NJKF×CHALLENGER 7 見どころ

■第9試合
大田拓真 (新興ムエタイジム) VS TAKAYUKI (K-CRONY)

 24年も大田拓真は国内外の強豪を相手に戦いを繰り広げた。
 まず2月に“素手で闘う空手”を標榜する理心塾の笹木一磨に差を見せ判定勝ち。これまでなかったことが不思議なNJKF王座を遂に獲得し、戦いを幕開けした。
 続いて4月はONEに飛び、激闘の末に右ヒジでKO勝利を上げ35万バーツ(約150万円)のファイトボーナスを取得。6月もタフなクンクメール戦士を退け、NJKFの牙城を守った。
 このまま連勝を継続するかと思われたが、8月のONEで判定1-2の惜敗、しかし11月に再びONEで連戦に臨むと、中国の強打者ウェイ・ズーチンをテクニックで上回り判定勝ちで復活。ONEでの戦績を3勝1敗とした。
 25年第1戦は1年前に獲得したNJKF王座の防衛戦。昨年は5試合中3試合がONE、対戦相手も外国選手が4人となっており、すでに世界レベルでの活躍を見せている大田だが、今回は王者の責務を果たすための戦いとなる。
 対するTAKAYUKIは元NJKFスーパーバンタム級王者で、長いリーチを武器に2階級制覇を目指し大田に挑む。
 昨年10月、敵地・大阪で挑戦者決定戦に臨んだTAKAYUKIは2年負けなしであった坂本直樹(NJKF道場373)を振り切り判定勝ち。

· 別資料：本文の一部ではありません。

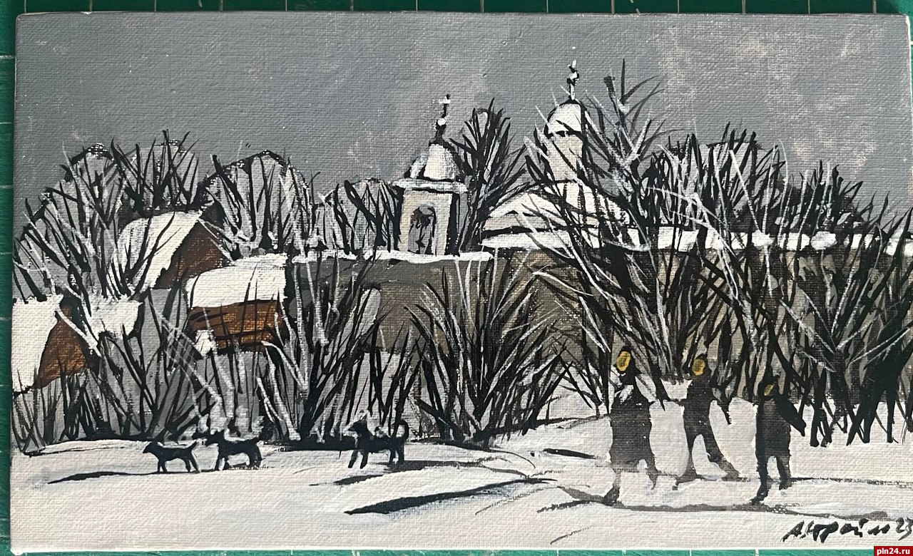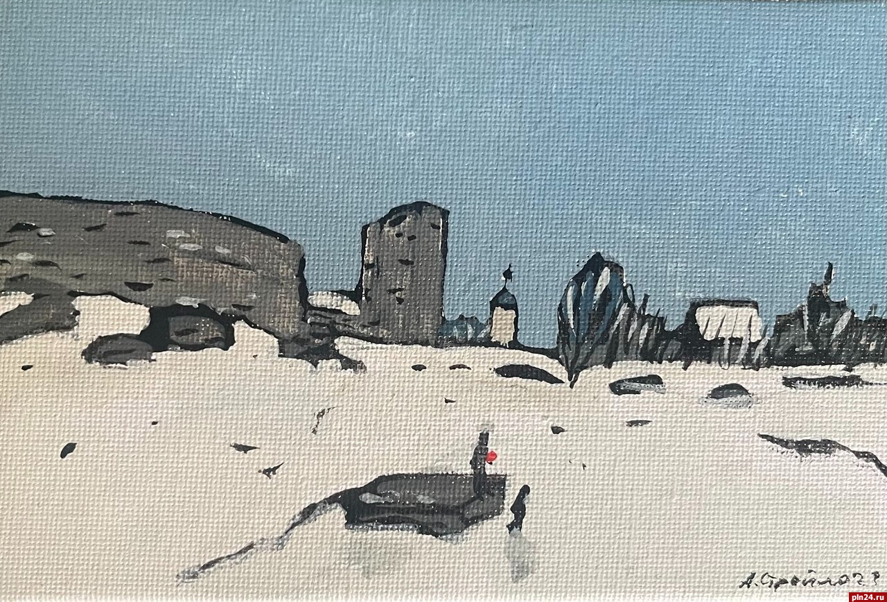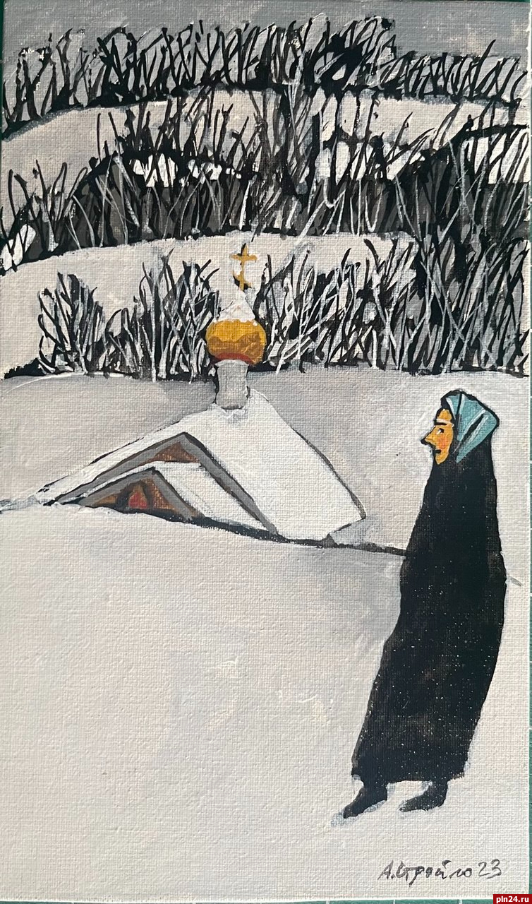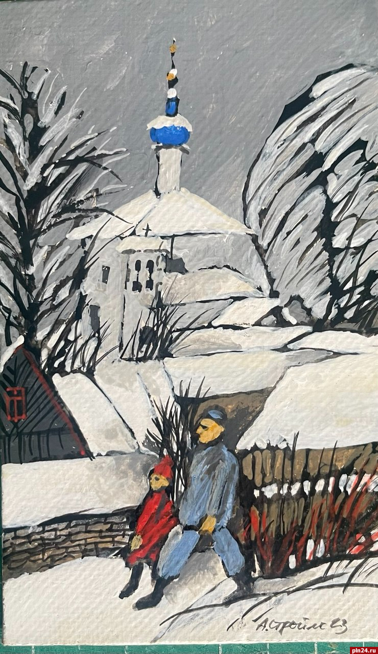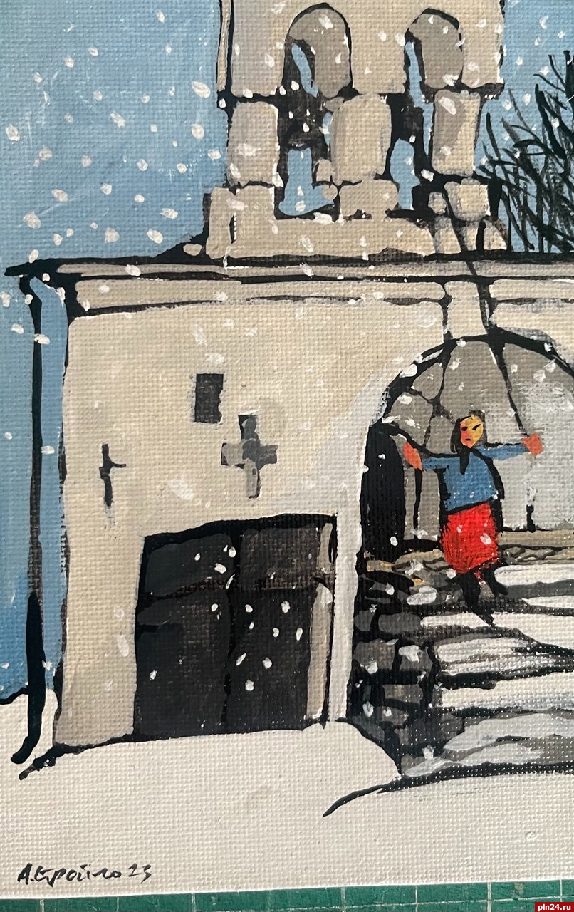 Но есть у Александра Стройло ещё одна сокровенная заслуга: он – гениальный летописец Изборска, его тщательный описатель, ироничный изобразитель и неутомимый исследователь. И этим летом художник был частым гостем в Изборске – вместе с друзьями и единомышленниками занимается восстановлением храма Рождества Богородицы.

パンチを中心にミドル、前蹴りで大田を懐に入れない戦いが貫けるかが鍵となる。
 激闘派に変貌し、海外勢を真っ向勝負の果てに退けている大田。王者の強さと風格を見せるか。TAKAYUKIが勝てば25年年明けからNJKFを波乱が襲う。

■第8試合
吉田凜汰朗 (VERTEX) VS 健太 (E.S.G)

 赤コーナーで王者として迎え撃つ吉田と青コーナーから挑む健太、両者は2年前の4月、コーナーを逆にして対戦。キャリアと技量差を見せ健太が判定勝利した。
 この敗北で3連敗となった吉田だが、長くトップで走る健太との対戦で精神面はもちろん、「盗めたものも多くありました」と技術面での収穫も振り返る。
 敗戦を一過性のものではなく自らの糧とし、同年9月のタイトルマッチでチャレンジャーに抜擢を受けるとダウンを跳ね返して逆転勝利。ジム初の王者となった一戦は23年のNJKF最高試合にも選ばれた。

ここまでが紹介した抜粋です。